In all of the recent talk of derivatives and their role in our current problems, there are a number of important lessons to be learned in looking back at Long Term Capital Management.
John Meriwether's Long Term Capital Management was the envy of the financial world from 1994 until 1998, when it lost roughly $4 billion in a couple of weeks. Back then that was a lot of money, and there was fear that the failure would take others down, as LTCM had deals with most of the big investment banks. Its tentacles, much like AIG's, were far reaching, and so a bailout was considered necessary.
What's interesting, and telling, is where their losses came from--and the leverage that was used.
The fund was essentially the arbitrage unit spun out of Salomon Brothers. Its focus was on fixed-income arbitrage, betting that spreads between various types of related instruments would close and return to "normal" historical relationships.
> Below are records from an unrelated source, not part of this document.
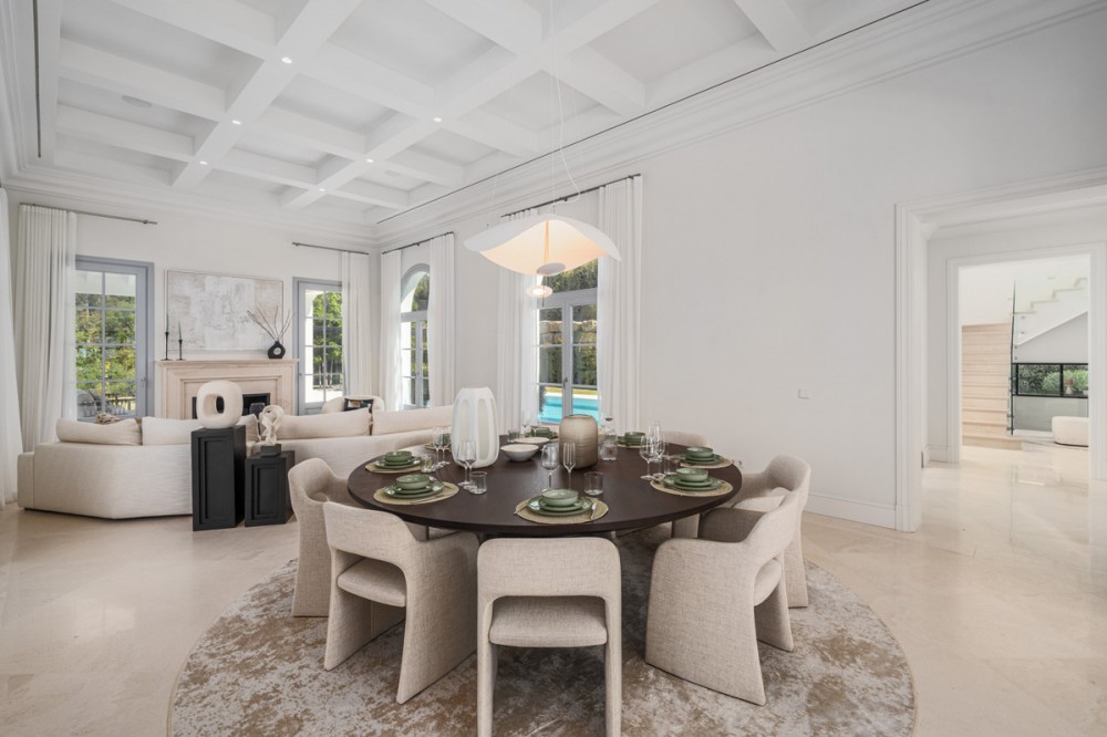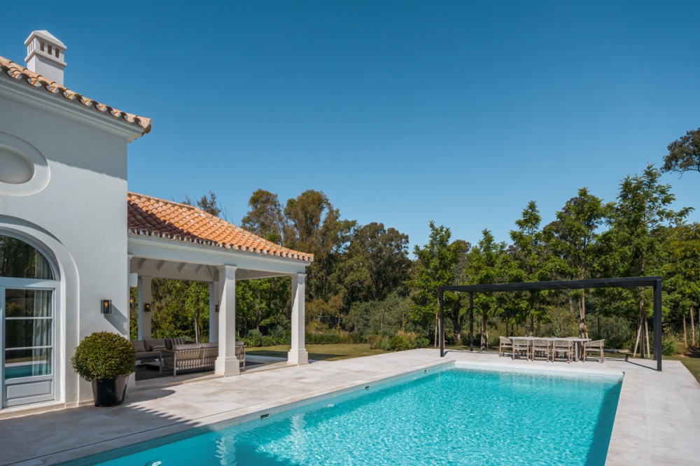 - Villa Valora is an exceptional villa for sale within La Cerquilla, an esteemed neighborhood in Nueva Andalucía's renowned Golf Valley. Completed in 2023, this newly constructed villa represents a harmonious blend of modern design and classical influences inspired by French provincial architecture. Its expansive 475 square meters of built area, along with a refined 78 square meter terrace, offer ample space for relaxation and alfresco dining. The villa offers four luxurious bedrooms, each designed with an en-suite bathroom for enhanced privacy and comfort for family members and guests. A thoughtfully placed guest toilet serves the common areas, adding convenience during social gatherings. With a layout that skillfully balances grandeur and intimacy, Villa Valora creates a welcoming atmosphere throughout its impressive living spaces. Attention to detail defines this property, with its design under the guidance of a renowned architect ensuring that the villa seamlessly integrates timeless classical elements with contemporary amenities. The villa is equipped with prestigious features, including a state-of-the-art alarm system, an elegantly designed barbeque area, and a relaxing sauna, providing a cohesive combination of security, luxury, and comfort. The modern open-plan kitchen features high-end appliances and chic contemporary furnishings, enhancing the overall elegance of the home. Its exterior is equally captivating, facing southwest to maximize natural light and offer breathtaking sunset views. The expansive terrace serves as the perfect vantage point to overlook the private swimming pool, providing serene moments spent in the embrace of nature. The villa's surroundings echo the charm of southern France, with its beautiful courtyards adorned with olive trees and lavender, and meticulously manicured gardens contributing to a resort-like atmosphere. Villa Valora enjoys a strategic location in Nueva Andalucía, a coveted residential area known for its lush landscapes and tranquil yet vibrant ambiance, often referred to as the "Golf Valley" for its abundance of golf courses. The villa is positioned within a serene cul-de-sac, just a short drive away from essential amenities such as shops, schools, and the beach. This location offers both privacy and convenience, making it ideally suited for year-round living or as a luxurious vacation home. Proximity to the renowned Los Naranjos Golf course makes Villa Valora a dream home for golf enthusiasts, while its easy access to Marbella’s variety of recreational and cultural offerings ensures that residents will never experience a dull moment. Nearby, Las Brisas Golf Club and Aloha Golf Club offer manicured greens and diverse challenges for golf aficionados. The community's charm extends to the coast, with the famous Puerto Banús Beach within easy reach, offering sandy shores perfect for sunbathing and water sports, complemented by popular beach clubs like Ocean Club and La Sala by the Sea. Meanwhile, dining options within Nueva Andalucía are plentiful, with establishments such as Mosh Fun Kitchen offering eclectic menus and vibrant atmospheres, Casa Italia providing a traditional Italian dining experience, and Magna Café offering sophistication paired with stunning views. Shopping needs are well catered for with Centro Plaza, a shopping area featuring boutiques, cafes, and services, and just a stone's throw away, El Corte Inglés in Puerto Banús offers a comprehensive selection of high-end retail brands. Educational pursuits are accommodated by reputable institutions such as Aloha College, known for its British curriculum and excellent academic programs, and the International School of Marbella, with its focus on personal development and creativity. Transport options ensure connectivity to Marbella and beyond, with regular bus services and the convenience of the A-7 motorway providing links to major parts of the Costa del Sol. For residents who seek peace of mind, many sections of Nueva Andalucía offer enhanced security measures, particularly in gated communities, making it a favored choice for those desiring privacy and safety. Parking at Villa Valora is simplified by a spacious carport for two vehicles, enhancing practicality without compromising elegance. Additional storage solutions are thoughtfully integrated, ensuring living areas remain uncluttered and always ready to impress. Residing in Villa Valora is about more than enjoying a beautifully designed home; it is an invitation to embrace a lifestyle of refinement and sophistication in one of Marbella’s most sought-after locations. This property is a reflection of a profound understanding of sophisticated living, offering privacy, and subtle luxury with thoughtfully considered architectural lineage and a prime locale. Nueva Andalucía, and by extension, Villa Valora, offers a coveted blend of tranquility, luxury, and accessibility, making it an attractive place for families, retirees, and even international celebrities. Beyond being a home or a residence, Villa Valora is a lifestyle promise, wrapped in the sun-drenched, laid-back opulence of Marbella. For those searching for exclusivity, comfort, and classical elegance on the Costa del Sol, Villa Valora stands as an unmatched opportunity. It represents the epitome of luxury living in a venue that embodies grandeur while welcoming residents into its warm embrace. Experience all that Villa Valora offers by opting for a sophisticated lifestyle that balances comfort and elegance in one of the most desirable locales in Marbella.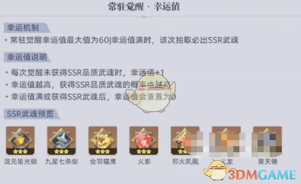 常驻觉醒幸运值最大值为60|幸运值满时,该次抽取必出SSR武魂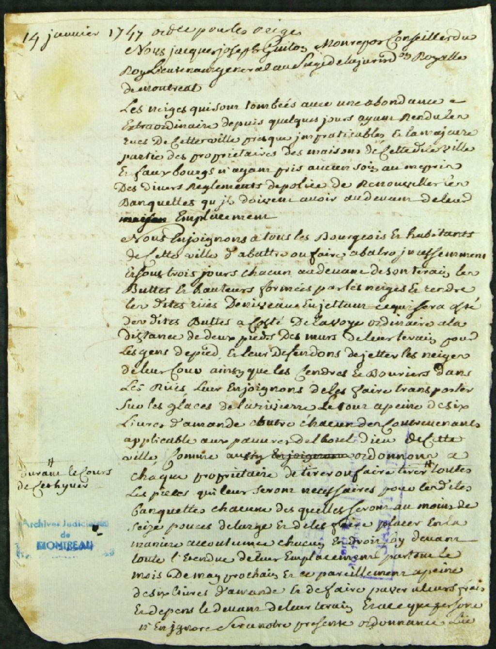 - Ce dossier d'administration civile est composé des pièces suivantes : l'ordonnance par le lieutenant général pour l'enlèvement de la neige ; et le procès-verbal de la lecture de l'ordonnance à travers toute la ville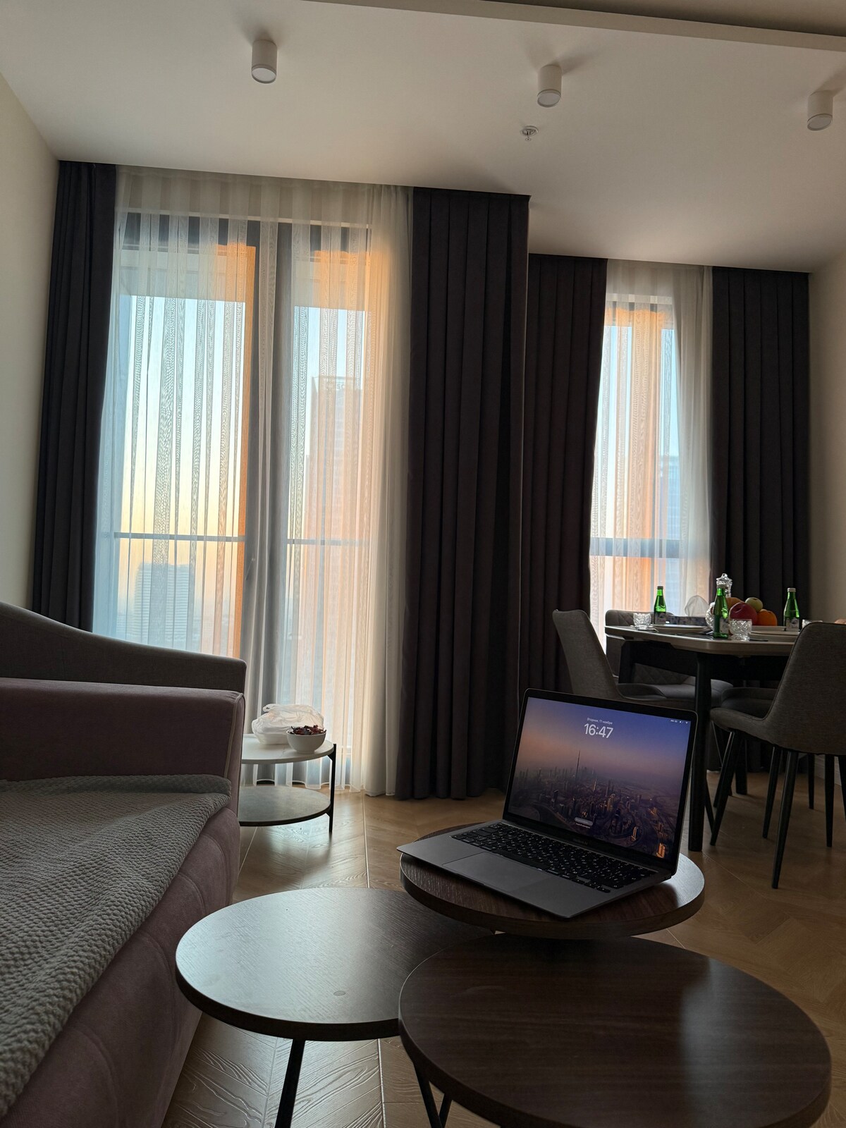 A refined retreat where style meets comfort. Floor-to-ceiling windows brighten the Scandinavian-inspired interior, with elegant furnishings and a fully equipped kitchen. Guests enjoy high-speed Wi-Fi, secure parking, a modern gym, and a rooftop terrace with stunning city views. Set in prestigious U-Tower with effortless access to the city center, it offers a truly elevated living experience.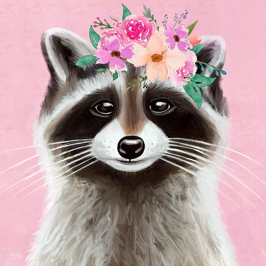Pink Raccoon White Modern Wood Framed Art Print with Double Matting by Tyndall, Elizabeth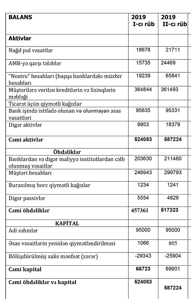 Azər Türk Bankın maliyyə vəziyyəti məlum olub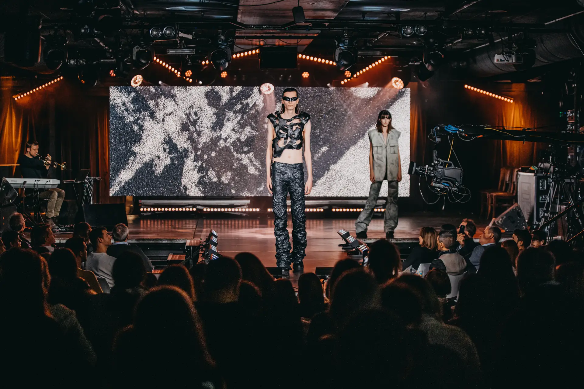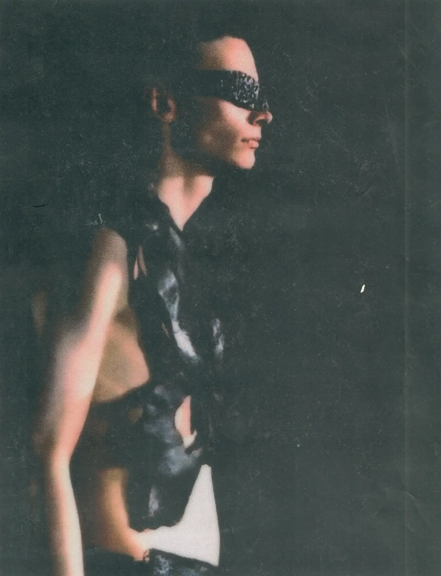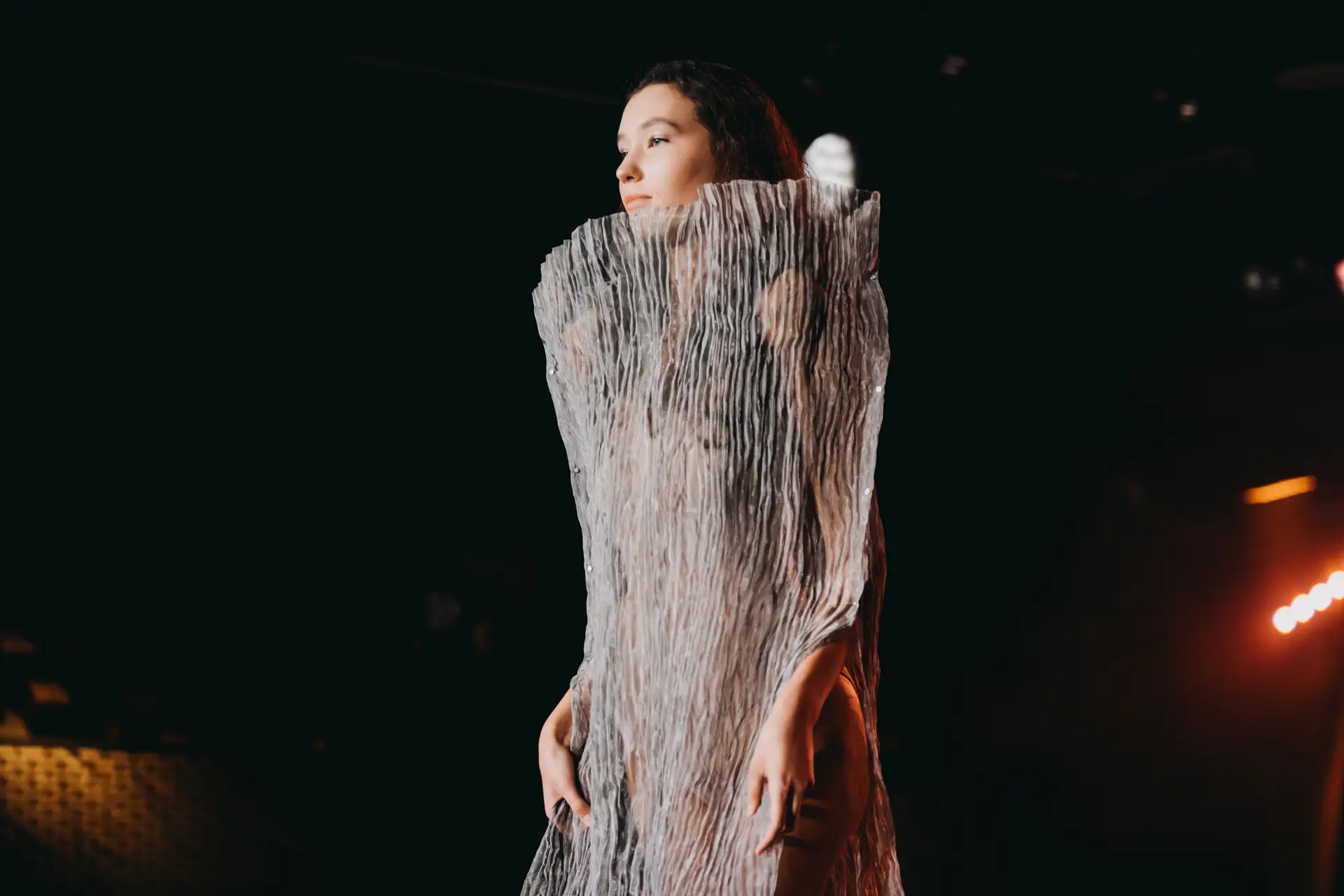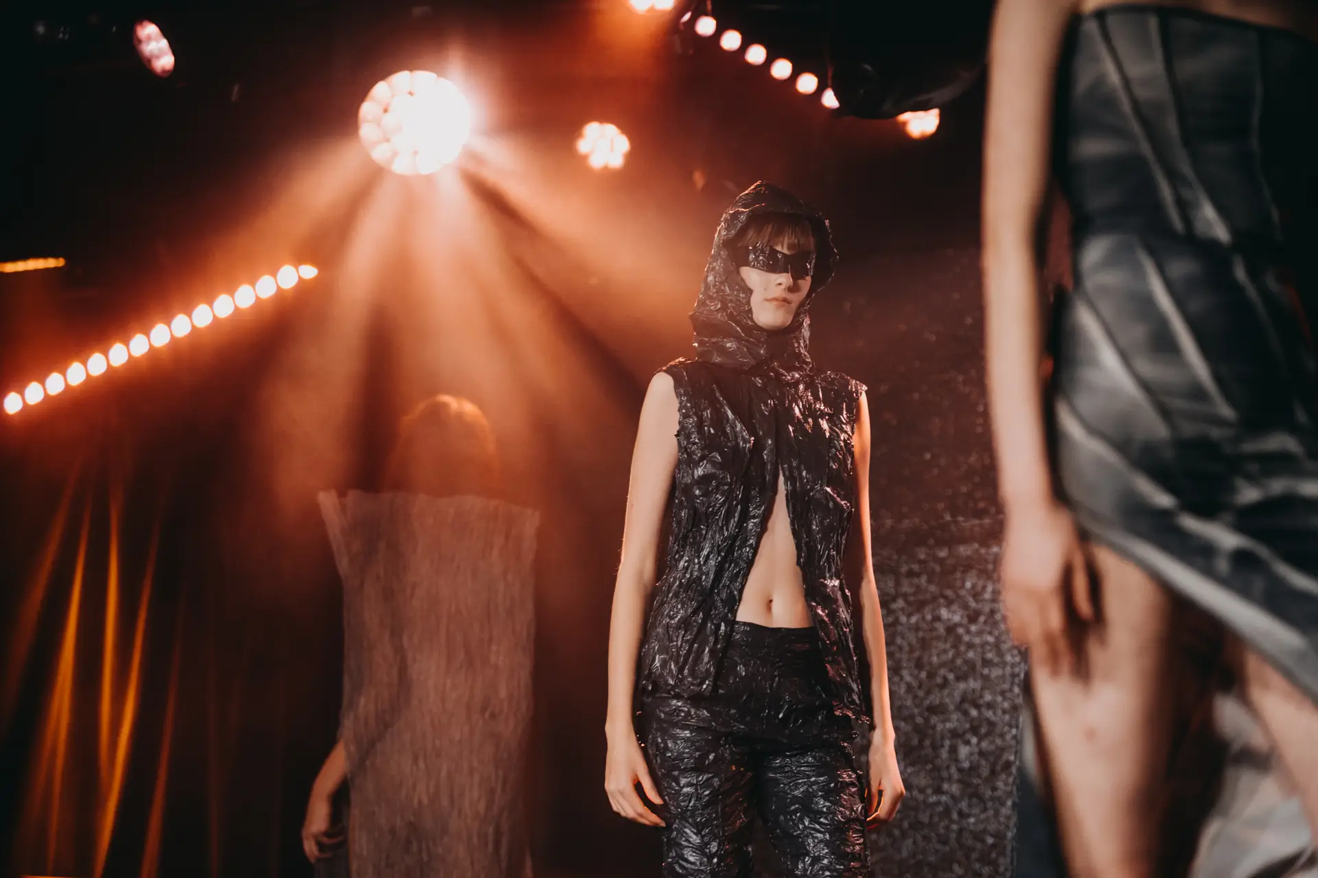 DescriptionMetamorphosis, material manipulation, and sensory restriction formed the conceptual foundation of the collaboration presented at A38. As part of the Music x Visuals event series, Kamilla Szemere’s latest collection was accompanied by a live performance from Lőrinc Barabás. Each piece reflected a journey of psychological transformation and growth—progressing from a closed state toward full emergence. Through our collaborative design, the collection was extended with a sculptural “metal mesh” piece and patinated black copper eye coverings. The fine mesh was crumpled into a cocoon-like shape that enveloped the body, while the copper elements restricted vision, narrowing spatial awareness and blurring perception to evoke heightened inward focus.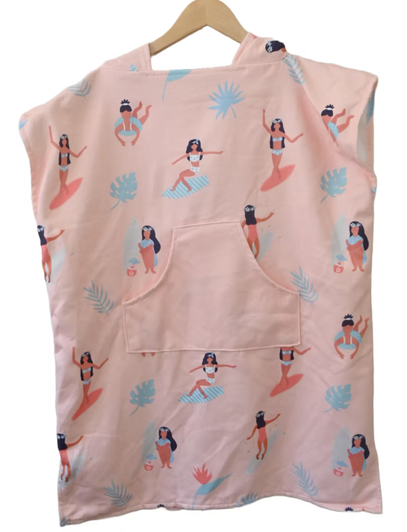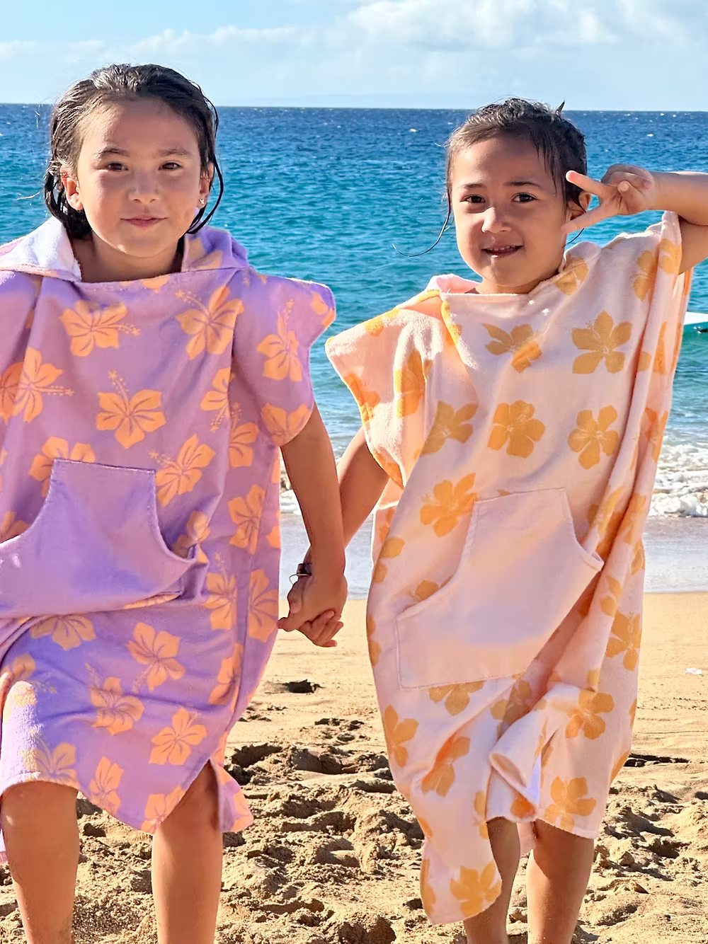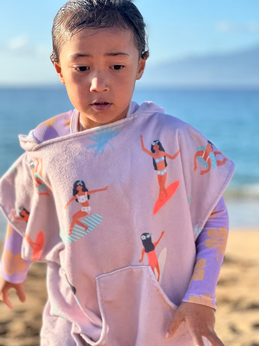 Made for beach days, pool hangs, and post-bath snuggles. This 100% microfiber hooded poncho towel from Aloha Co. Maui is lightweight, quick-drying, and perfect for keiki ages 2 to 5. Designed with an easy slip-on fit, cozy hood, and a handy front pocket for tiny treasures, it’s a wearable towel they’ll actually want to keep on.

They would buy the "underrpriced" instrument and sell the "overpriced" one.
Leverage is used to get a profit from this type of trade. And LTCM used huge leverage, far more than anyone else.
Two members of the team at LTCM were Robert Merton and Myron Scholes, who were behind the Black-Scholes option pricing model and won a Nobel Prize for their work. The formula is credited as the basis for most risk calculations, even today. So LTCM was, some have suggested, an "experiment in mathematical risk management." Sound familiar?
There are a number of good books about the life of LTCM, and the one I just finished is "When Genius Failed: The Rise and Fall of Long-Term Capital Management" by Roger Lowenstein. One thing I find fascinating about the story is the fact that in 1998, having trouble finding opportunities for their massively leveraged capital, the group started selling equity volatility. They concluded that the implied volatility was too high and began selling.
Amazingly, the level of implied volatility that they deemed too high was just 19 percent (think a VIX of 19). They were apparently looking at the historical volatility of 15 percent at the time. They must not have been looking at the fact that the VIX was as high as 35 (48 intraday) in 1997. According to Lowenstein, "they had a staggering $40 million riding on each percentage point change in equity volatility."
When all was said and done, it was largely this highly leveraged volatility bet that did them in. The trade ate up the cash that the company might have used to ride out other positions, and it lost $1.3 billion just on the volatility play.
As far as risk management was concerned, LTCM believed that the type of losses it experienced were "so freakish as to be unlikely to occur even once over the entire life of the universe and even over numerous repetitions of the universe."
"The traders hadn't seen a move like that--ever," Lowenstein wrote. "True, it had happened in 1987 and again in 1992. But Long-Term's models didn't go back that far."
My jaw is hanging open. They didn't run their models two years before their start-up? Or back to the crash of 1987? What kind of "genius" uses risk modeling like that?
One would think that the banks that had to bail out LTCM learned a hard lesson, one of limiting leverage and the importance of not relying too heavily on models. At the table that day were Bear Stearns, Goldman Sachs, JP Morgan, Lehman Brothers, Merrill Lynch, Morgan Stanley, and Salomon Brothers, just to name a few.
But they either have very short memories or learned something else. Maybe the lesson was actually that you could get away with it.
Meriwether went off and started a new fund with his trading crew in short order. It continued to do well until last year, when he apparently blew up again. Scholes did the same. Those investment firms were using leverage of up to 40 to 1 and relying heavily on essentially the exact same risk models.
So the lessons from LTCM actually were to lever up, get as many counterparties as you can, and collect as much easy cash as you can, despite the huge fat tail risk. If it all blows up you will get bailed out. And you can just start over.
The cycle is made clear in a Reuters article from yesterday. "Many fund managers are opting for so-called nickel strategies, which yield small gains most of the time and build a track record that can help retain client money but bear the risk of huge losses once in a while." The article quotes Hongjun Yan of Yale who states that at least 40 percent of hedge funds invest in nickel strategies.
The term "nickel strategy" comes from Scholes himself, who, as Lowenstein tells it, used the metaphor to explain how LTCM made its money: "Long Term would be earning a tiny spread on each of thousands of trades, as if it were vacuuming up nickels that others couldn't see."
"Black Swan" author Nassim Taleb sees it as picking up nickels in front of a steamroller--and, evidently, that steamroller comes around more often than the models predict.